BRIEF: Repeat exactly what runs from the line containing "Still Life Of" through the last line of the material below. Do not copy the pictures.

GIVEN DATA:
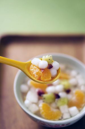 偷懒,在超市买的小圆子哈,其实可以用糯米粉200克,加入100ML的热水,和成面团后,自己搓成糯米小圆子。
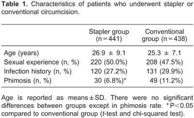 Hasta özellikleri iki grup arasında iyi dengelendi. Yaş, cinsel deneyim veya enfeksiyon öyküsünde istatistiksel olarak anlamlı bir fark yoktu. Konvansiyonel gruptaki daha fazla hastada fimozis vardı. Tablo 1, bu çalışmadaki tüm hastaların özelliklerini listeler.
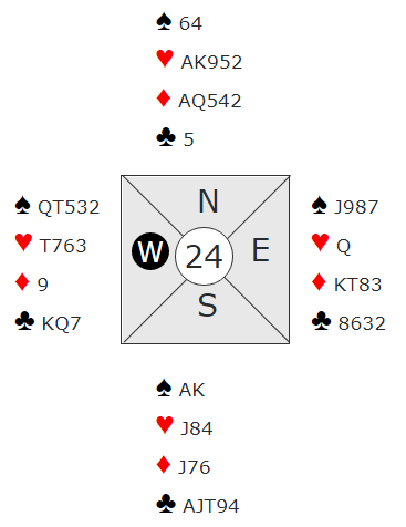 Mot oss spilte de 4 hjerter. Der er det nokså greit å vinne elleve stikk, men det er en måte å få tolv stikk på også. I alle fall med kløver i utspill fra øst som jeg spilte.
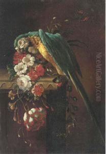 Still Life Of Flowers With Honeysuckle, A Daffodil, An Iris And Other Flowers In A Bronze Urn, Together With Pomegranates, Plums, Figs, Grapes And A Melon, All Resting On A Stone Ledge Together With A Parrot And Parakeet
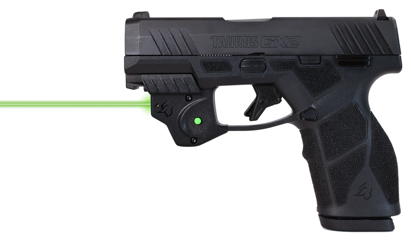 Green laser sight designed specifically for the Taurus GX2 pistol with trigger guard mount installation. Features an effective range of 100 yards in daylight and 2 miles at night. Built with black polymer construction for durability and quick target acquisition.

ANSWER SECTION:
 Still Life Of Flowers With Honeysuckle, A Daffodil, An Iris And Other Flowers In A Bronze Urn, Together With Pomegranates, Plums, Figs, Grapes And A Melon, All Resting On A Stone Ledge Together With A Parrot And Parakeet
 Green laser sight designed specifically for the Taurus GX2 pistol with trigger guard mount installation. Features an effective range of 100 yards in daylight and 2 miles at night. Built with black polymer construction for durability and quick target acquisition.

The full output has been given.